In the last issue of Pro-Choice Press, we reported that Alberta Premier Ralph Klein had flatly rejected the possibility of delisting abortion. But then, in a March letter to Alberta Pro-Life, Health Minister Gary Mar apparently conceded that abortion funding will indeed be on the table for discussion by a government panel. Mar wrote, "As stated publicly, this panel will review all procedures currently funded by the province." In February, Mar had given assurances to Planned Parent-hood in Alberta that abortion would not be delisted.
However, judging by Mar's careful pro-choice wording in a letter sent to BC's Pro-Choice Action Network in late March, it appears highly unlikely that abortion will be delisted in Alberta. Mar's letter says, "Through the Canada Health Act, the federal government requires that publicly funded abortions be made available when they are deemed medically necessary. In this province, the College of Physicians and Surgeons of Alberta has provided guidelines for a patient and her physician to use in determining the medical practice of pregnancy termination." This comment confirms that changes to abortion funding would likely be impossible, because the province has given the College discretionary power over the issue. In 1995, the College refused to redefine medically necessary abortions so that Alberta could delist some abortions.
There has been some concern in the BC pro-choice community that the reactionary BC Liberal government may try and delist abortion services, at least at clinics. The new Liberal budget has a frightening clause in it that calls for “shifting costs for services not mandated under the Canada Health Act from government to consumers and/or private health insurers”.
But BC Health Minister Colin Hansen has told the right-wing Report Magazine that de-insuring abortion is not an option "because of the commitment we made," referring to the BC Liberal's New Era document that specifically guarantees the maintenance of abortion services and funding. He also said that Vancouver's two free-standing clinics are not on the chopping block because they are "cost-effective". Hansen considers abortion to be medically necessary and said that provinces are legally required to fund abortions, but regardless of any law, the Liberal party's policy is to fund abortions. Hansen also discounted the relevance of opinion polls that say a majority support de-funding abortions. "I don't think you can run a public healthcare system on polls. There are huge moral and ethical dilemmas that would be present." (Report Magazine, April 29, 2002)
Even if the government were to break its New Era promise and try to delist abortion, it would not likely be successful, for the following reasons:
It probably wouldn’t survive a legal challenge under the Canada Health Act, and/or the Charter of Rights and Freedoms.
Historical precedent is against it—both former premiers Bennett and VanderZalm failed at getting abortion delisted in the 1980’s.
There would be a lot of opposition from medical organizations and doctors, as well as from the pro-choice community.
Liberals are unlikely to touch abortion because it’s a controversial and risky issue for politicians to deal with, especially if they’re trying to restrict it.
The New Era document says the Liberal abortion policy is a matter of “confidence in government”, which means that all MLA’s would be required to vote along pro-choice party lines, not according to their own conscience. (There are nine anti-choice Liberal MLAs in the caucus that we know of.)
What may be more critical for BC is that abortion services will be eroded at the same time as everything else, i.e., with hospital closures and general cuts to health services.

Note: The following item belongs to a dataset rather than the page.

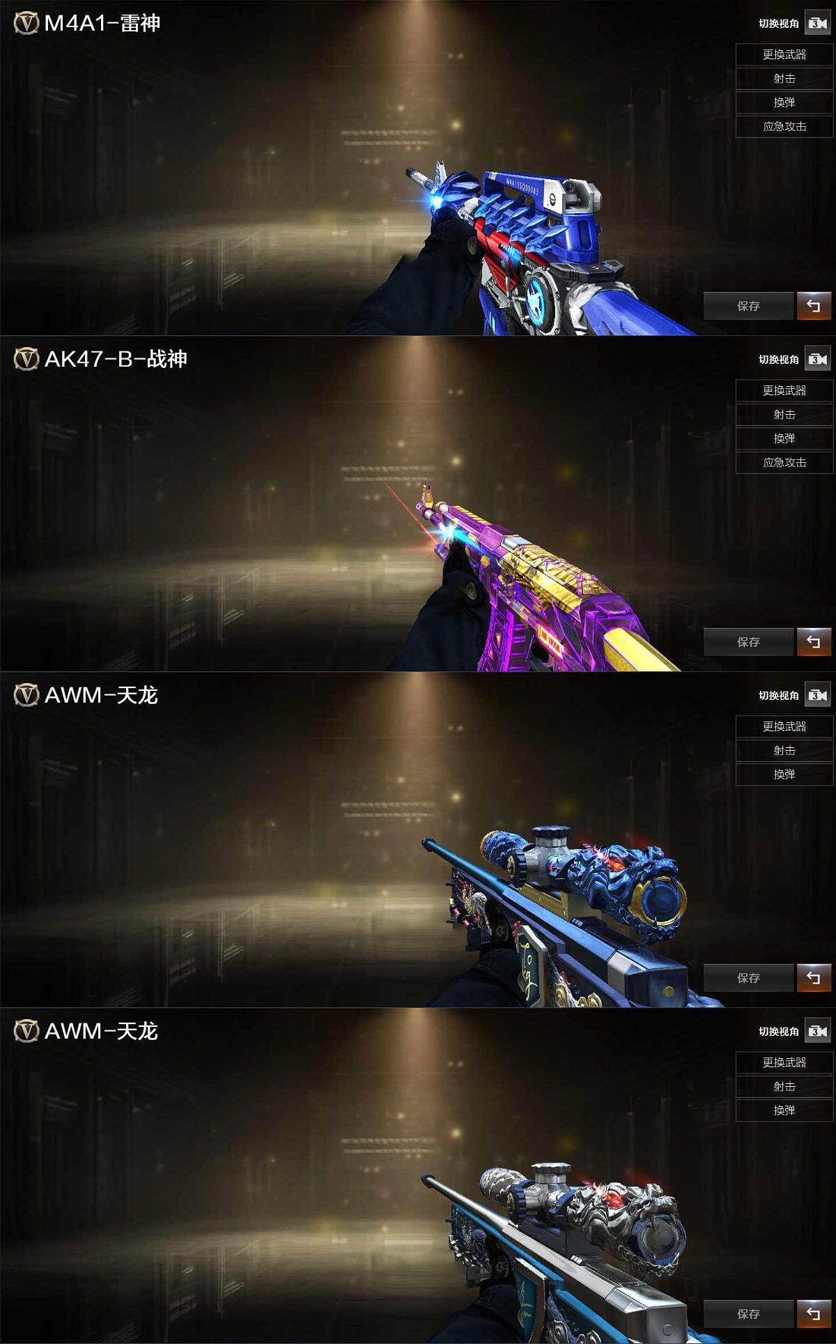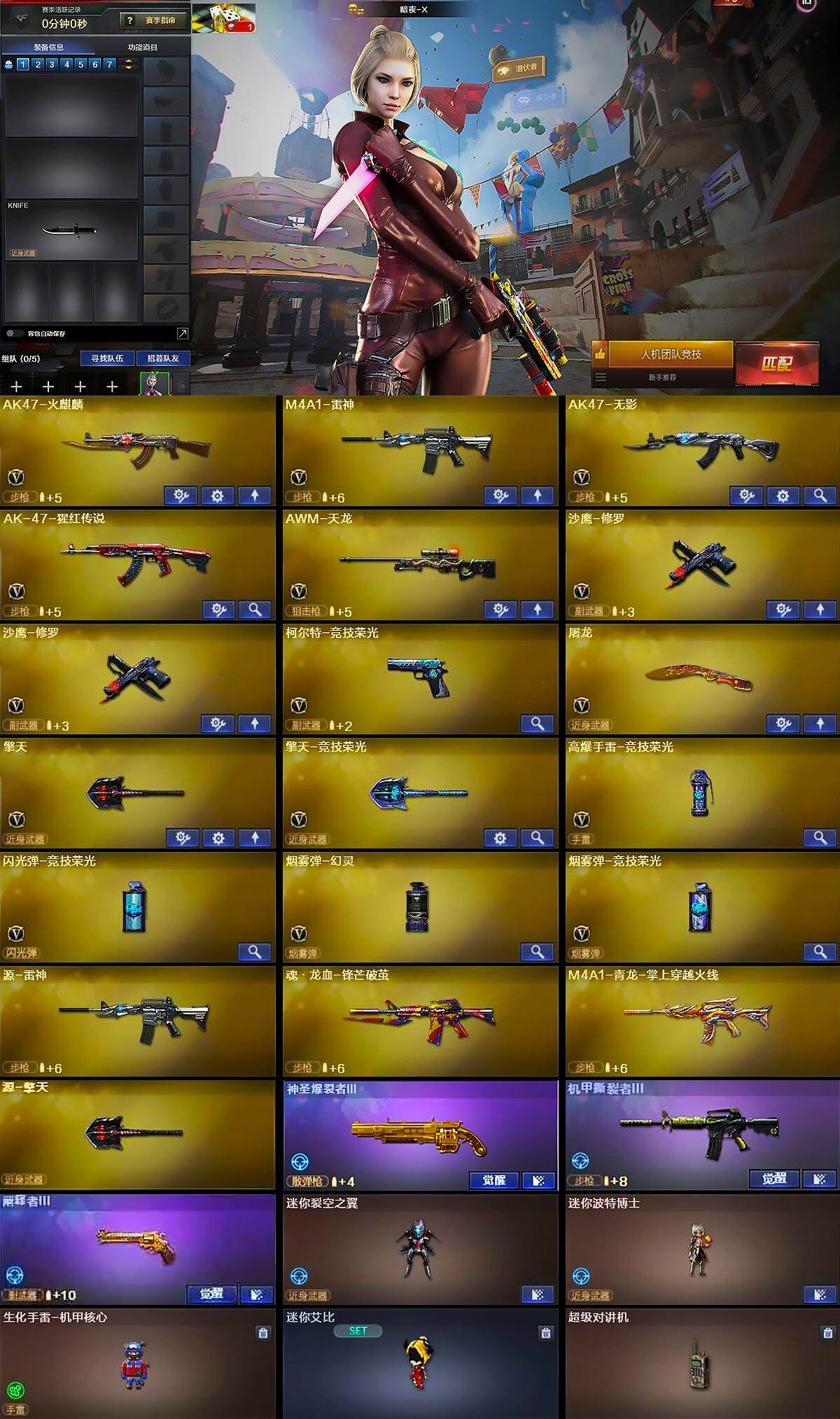 【英雄级武器】:AK47-火麒麟,M4A1-雷神,AK47-无影,AK-47-猩红传说,AWM-天龙,沙鹰-修罗*2,柯尔特-竞技荣光,屠龙,擎天,擎天-竞技荣光,高爆手雷-竞技荣光,闪光弹-竞技荣光,烟雾弹-幻灵,烟雾弹-竞技荣光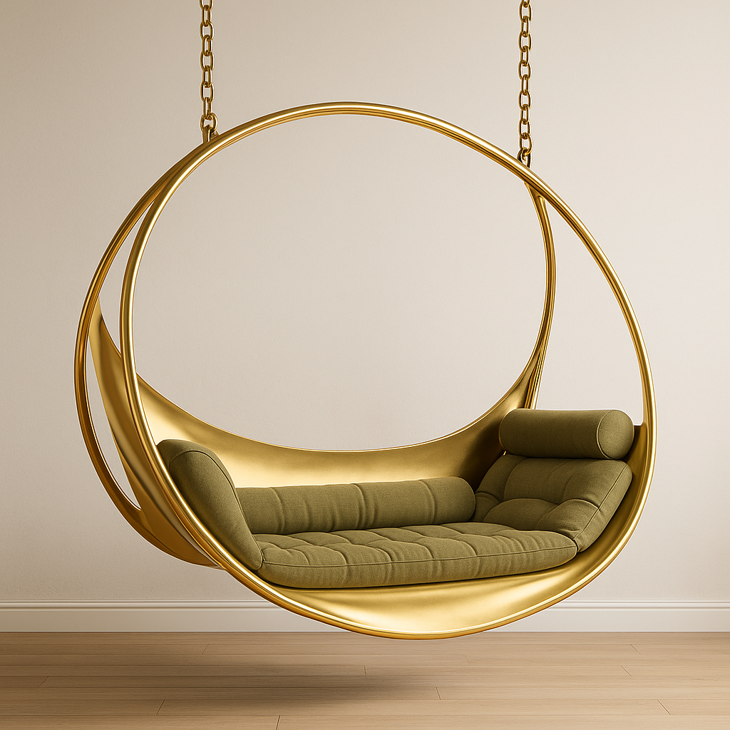 Tranquil Veil Hanging Swing with Cushions – 48-Inch Luxury Stainless Steel Jhula for Balcony or Living Room (48x24x48")

This will be much harder to fight because everything and everyone will be affected—abortion won't be singled out.
Below are talking points to use when explaining why abortion is, in fact, medically necessary and must be fully funded by provinces under the Canada Health Act, whether performed in hospitals or clinics.
1. Access to abortion is a constitutional right: Abortion is unlike any other medical procedure—legal, accessible abortion is also a constitutional right guaranteed to women to protect their liberty, equality, and bodily security, as per the January 1988 Supreme Court decision, R vs. Morgentaler. Not funding abortions means that some poor women may be forced to deliver to term against their will, a violation of their constitutional rights.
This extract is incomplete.